Tu sais, j'ai encore plus insensé. J'espère que mes mots ne te troubleront pas mais cette nuit, je désire seulement être moi-même. Alors, je me permets d'être honnête en oubliant le fait que tu puisses ne plus jamais me retrouver à travers nos bouts de papiers.

Lorsque je ne sais pas dormir, c'est toi qui m'apaise. Je relis tes courriers, plusieurs fois, à tel point qu'il m'arrive d'avoir peur de les user. Puis, j'imagine ton image, je façonne tes traits en me demandant si tes yeux sont bleus ou marrons, peut-être verts ou alors, d'aucunes de ces teintes que je superpose sur un visage aux courbes singulières. Elles ne sont pas pleines, elles sont délicates, joliment tracées, presque timides pour des lèvres rouges ou roses, pulpeuses ou fines mais harmonieuses. J'imagine ta tignasse brune, elle est sombre et enjolive le reste de ton minois. Il est fort probable que je me trompe, après tout, je ne suis pas magicien. Alors, j'attrape des crayons et tente de dessiner plusieurs Skylar aux iris parfois foncés et aux cheveux dorés. Le blond t'irait bien aussi, mais tes boucles, je les vois aussi noires que l'ombre de nos cieux. Peut-être que tes cheveux sont rasés ou lisses, indomptables ou simplement indomptés. Et ta peau, est-elle blanche ou hâlée ? Sur mes dessins, elle est parfois aussi pâle que la porcelaine, bronzée et marquée d'ecchymoses mal cicatrisées. C'est tout un panel de couleurs et de sentiments mêlés.

Je deviens sûrement fou, je crée des versions de toi sans même connaître un seul détail de ta beauté, fragile ou angélique, banale ou immanquable.

Puis, quand je suis satisfait de mes essais ou juste épuisé de me demander si tes traits sur mes cahiers s'approchent de la réalité, je tente de donner une sonorité à ta voix. Est-elle grave ou suave ? Éraillée à trop pleurer ou cassée à force de crier ? De hurler les injustices et les inégalités, les douleurs et ces erreurs. Celles de ces gens qui te blessent sans s'en soucier. Celles que je regrettent parce qu'il m'est impossible de t'avouer qui je suis et ce que tu es.

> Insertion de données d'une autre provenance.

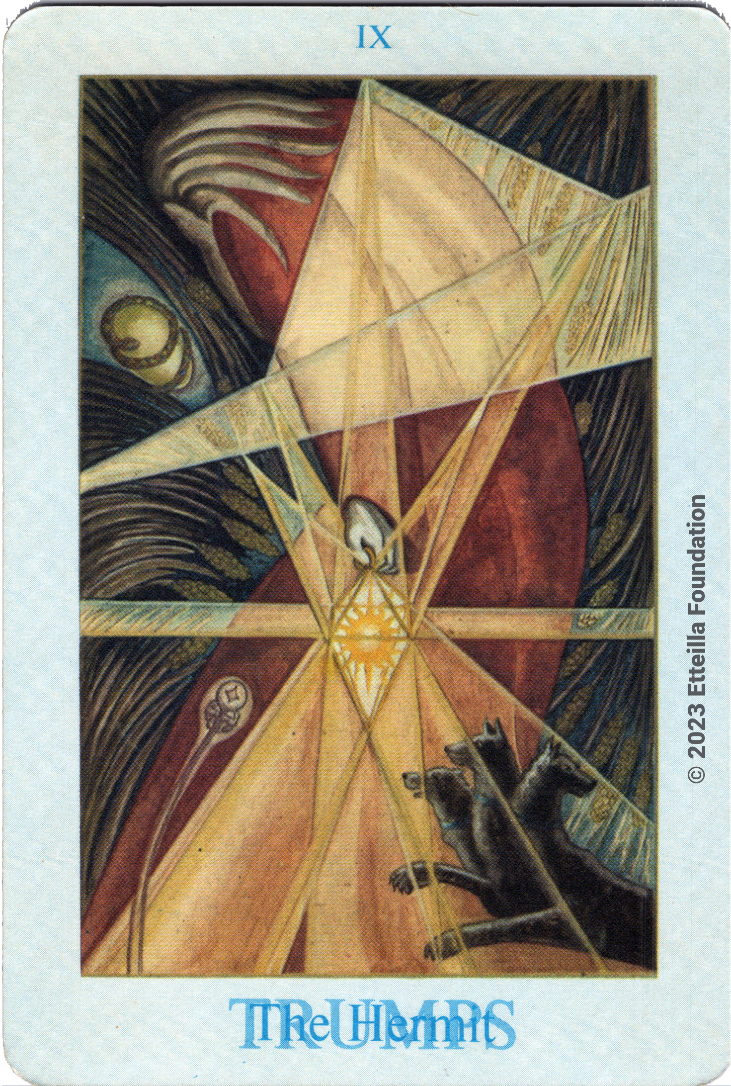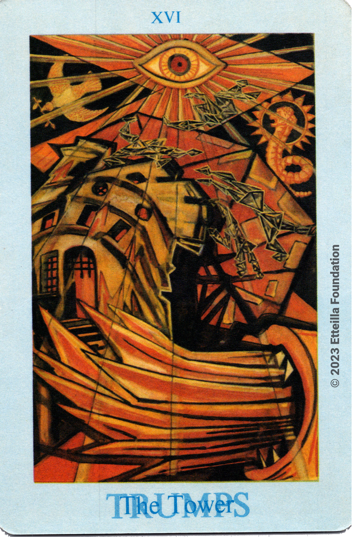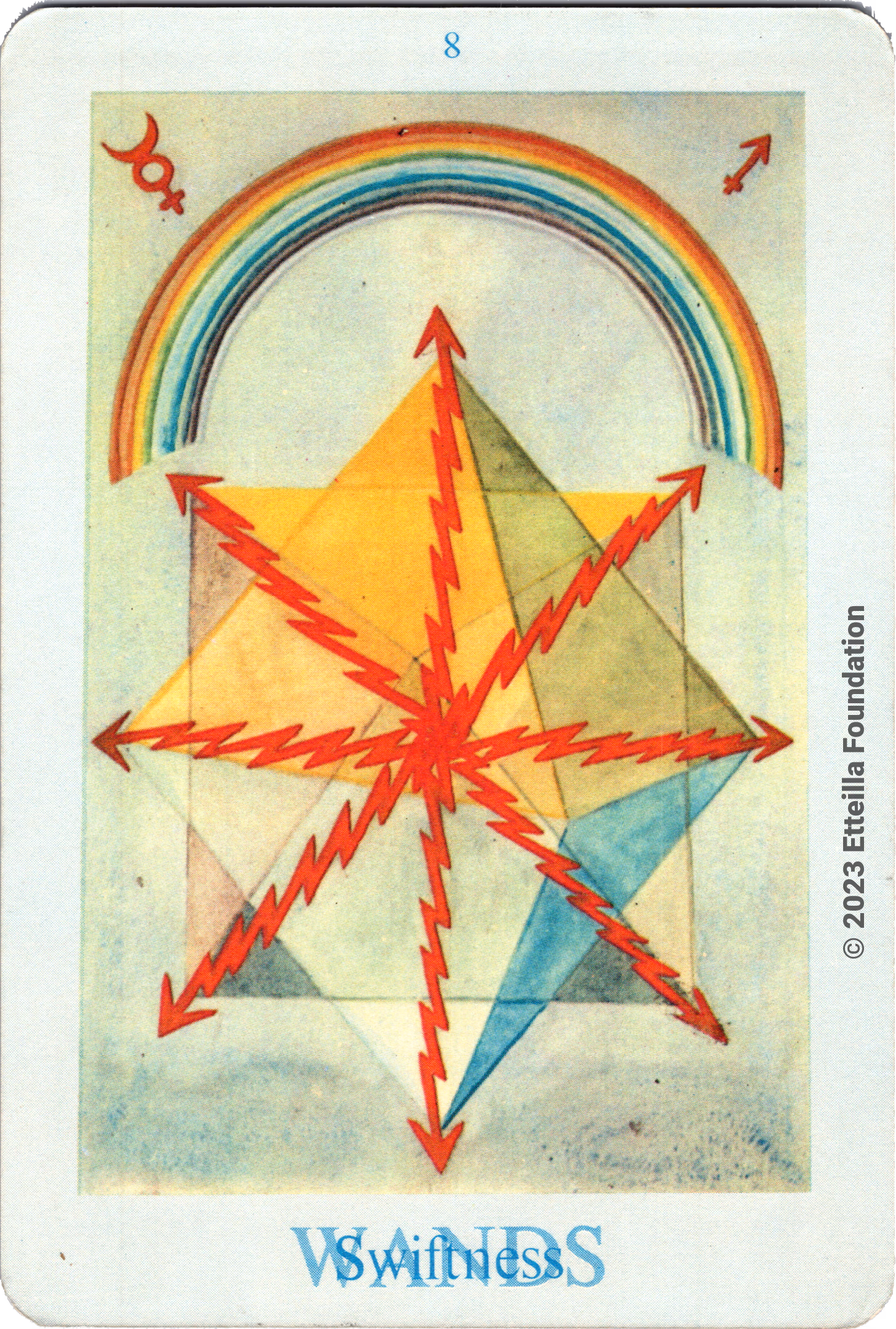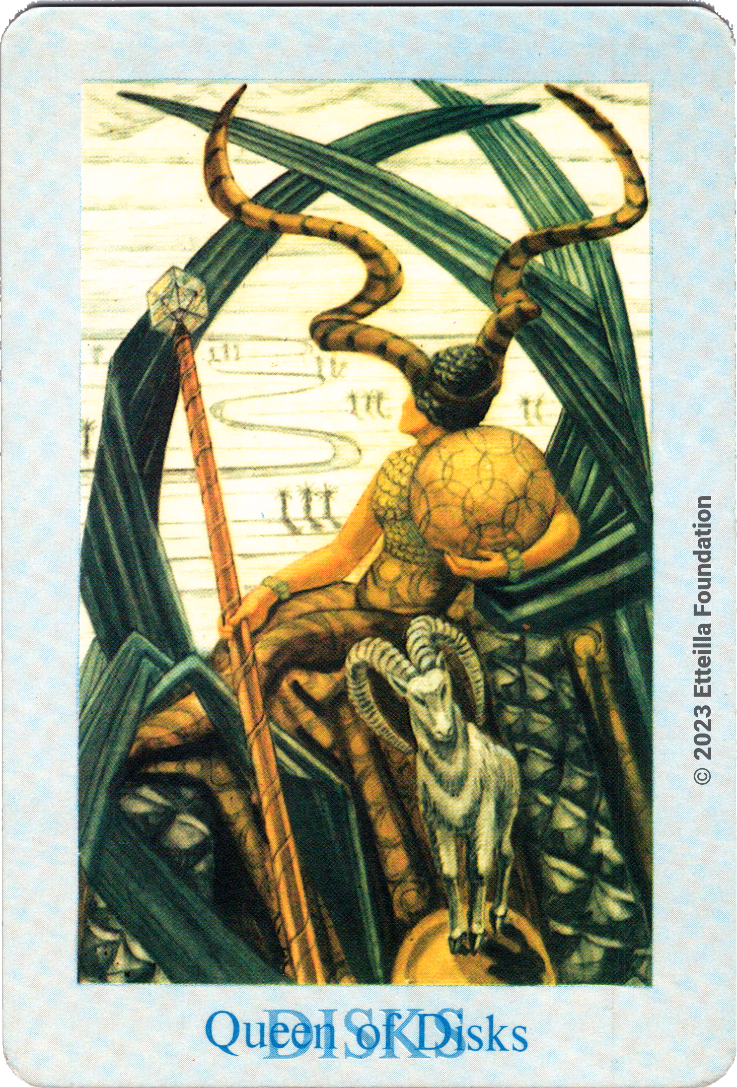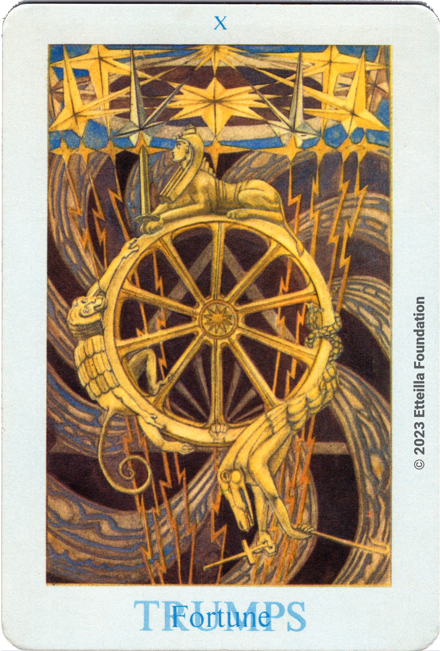 The Thoth Tarot which features very unique card designs and artistic direction is a collaboration between the famous occultist Aleister Crowley who designed the deck, and Lady Frieda Harris who painted the illustrations. This very popular divination tarot created between 1938 and 1943 is notable for having major arcana re-ordered and renamed to allow what Crowley calls the “double zodiac loop” for tarot reading. We note that the suit of disks replace the suit of pentacles found in the Waite-Smith decks and many cards have different names. In particular the Knights replace the Kings, The Knights become the Princes and the Pages are replaced by the Princesses.This version, commonly referred as A1, which was the first colored version printed by Llewellyn in Hong Hong circa 1967 is highly recognizable due to two printing mistakes: The 8 of Cups doesn’t have a number at the top and the Ace of Disk illustration is printed upside-down. All colored versions of the Toth decks are believed to be derived from the prints included in the original limited edition of the Toth book printed by Crowley circa 1944 not Frieda original paintings. Our deck is complete, in mint condition and come with its box.

Tu m'as dit que je pouvais t'écrire des dizaines de pages, je suis capable de le faire si tu m'en laisses l'opportunité.

Ne prends pas peur par ce qu'il va suivre, mais, moi aussi, je crois avoir trouver la personne avec qui me libérer.

À très vite, je l'espère. Mon ciel...

P.S : Dans ta prochaine lettre, ne me dis pas à quoi tu ressembles. Un jour, on se verra et je suis certain de pouvoir te reconnaître sans même savoir. À trop t'imaginer, je finirais bien par te trouver.